The Long Shadow Of The Future – article by Steven Weber and Nils Gilman on Noēma website, referenced in John Naughton's Memex 1.1 blog. "One of the less-positive effects of digital social media over the last decade has been to contribute to a set of mythologies about the special value of ideas. Ideas are of course powerful and ultimately the source of innovation and social change, but the pandemic is revealing a sharp difference between power and value. ... Put simply, ideas are cheap and easy to create and distribute — never more so than on social media platforms. But really knowing how to get things done effectively requires a set of capabilities that are difficult to create, expensive to maintain and improve, and not something you describe in 280 characters. Pandemics and other mass emergencies and mobilizations like wars demonstrate the difference in sharp relief. The ability to execute becomes visibly more important than the ability to ideate. What’s more, the best ideas are rarely discovered in isolation from practical implementation. Improvement depends on concrete feedback from what happens when ideas are put into practice in the world. What works and what doesn’t reveals itself to operators before (and often more clearly than) it reveals itself to idea generators."

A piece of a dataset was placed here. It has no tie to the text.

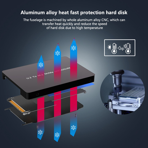 Design de conversor para caber em qualquer painel traseiro U.2 que permita a montagem de SSD U.2 de 2,5 polegadas e rack móvel; estojo inteiro de alumínio para excelente dissipação de calor. 4.
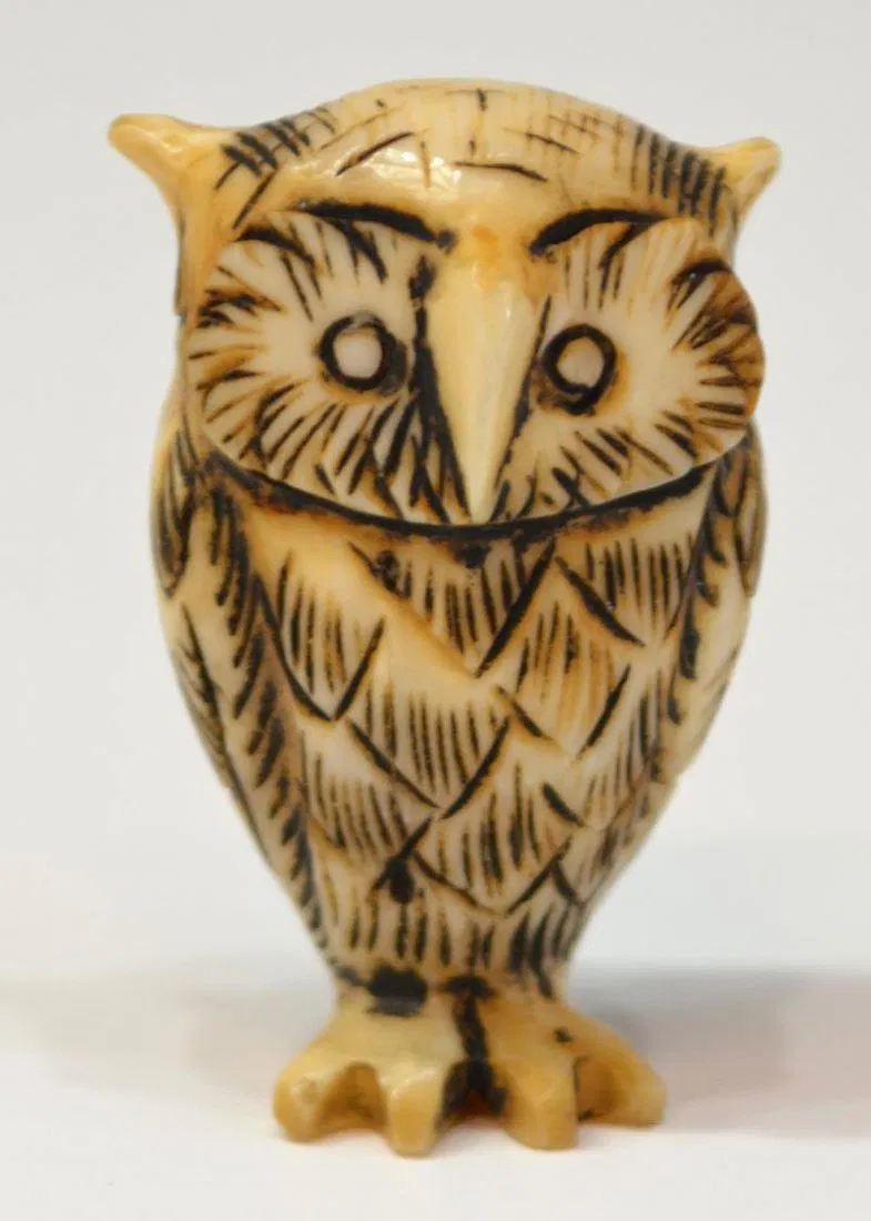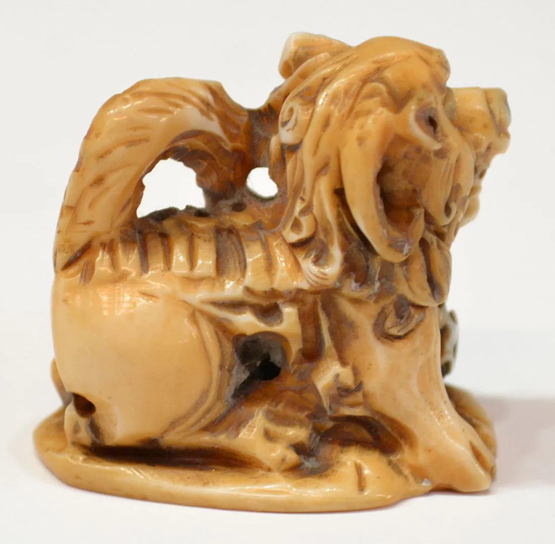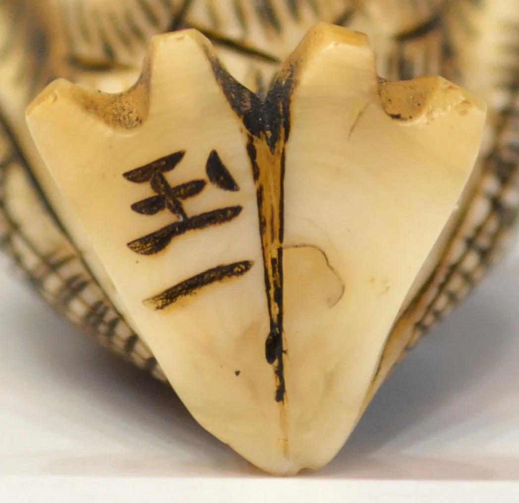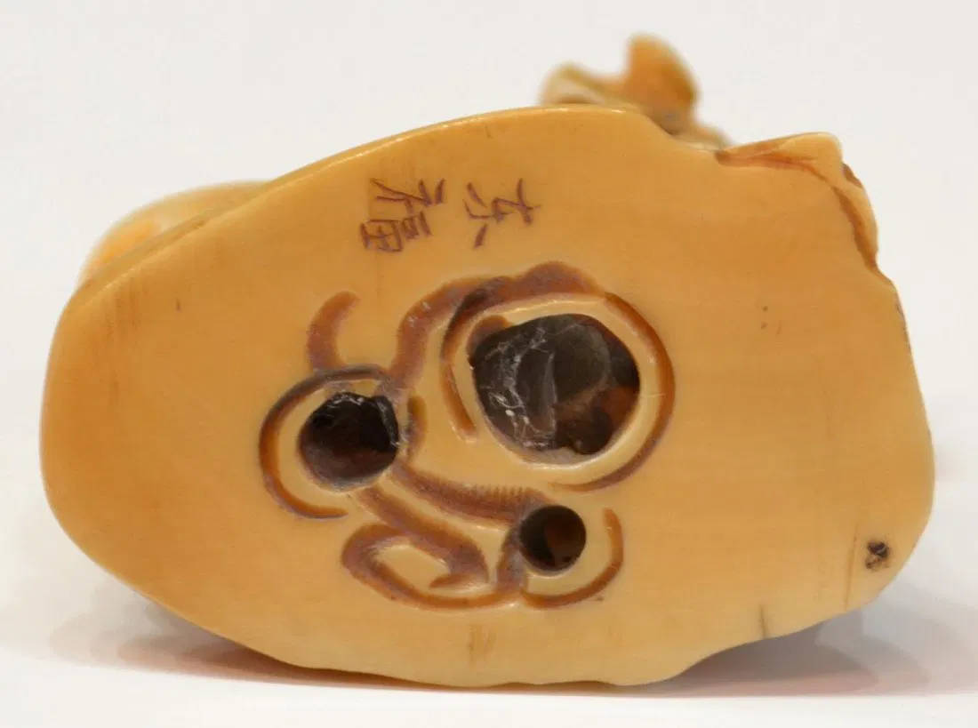 This lot will not be shipped Internationally* (lot of 3) Asian carved ivory netsuke, each signed as pictured, 20th c.: (1) figure of a fu lion with a ball, signed Tofu, 1.5″h; (1) owl, signed Tamakazu, 1.5″h; (1) plaque of the head of a folk figure, signed Masakazu, 1.5″h;

Are Universities Going the Way of CDs and Cable TV? – article by Michael D. Smith in The Atlantic, referenced in John Naughton's Memex 1.1 blog. "After the Coronavirus upended American life, millions of college students made the transition from sitting in campus lecture halls to live-streaming seminars at their kitchen tables. Do students think their pricey degrees are worth the cost when delivered remotely? The Wall Street Journal asked that question in April, and one student responded with this zinger: 'Would you pay $75,000 for front-row seats to a Beyoncé concert and be satisfied with a livestream instead?' Another compared higher education to premium cable—an annoyingly expensive bundle with more options than most people need. 'Give me the basic package,' he said. ... I need no convincing of the value of campus life and in-classroom education. I recognize that online platforms can’t perfectly replace what we deliver on campus. But they can fulfill key pieces of our core mission and reach many more students, of all ages and economic backgrounds, at a far lower cost. What online services lack in quality, they make up for in convenience—and as they get more popular, they’re only going to get better, which in turn could unbundle the prevailing model of higher education. Indeed, that unbundling is already happening. Employers such as Google, Apple, IBM, and Ernst & Young have stopped requiring traditional university degrees, even for some of their most highly skilled positions. Inevitably, as employers embrace new skills-based certifications, many students may question the value of the traditional four-year degree."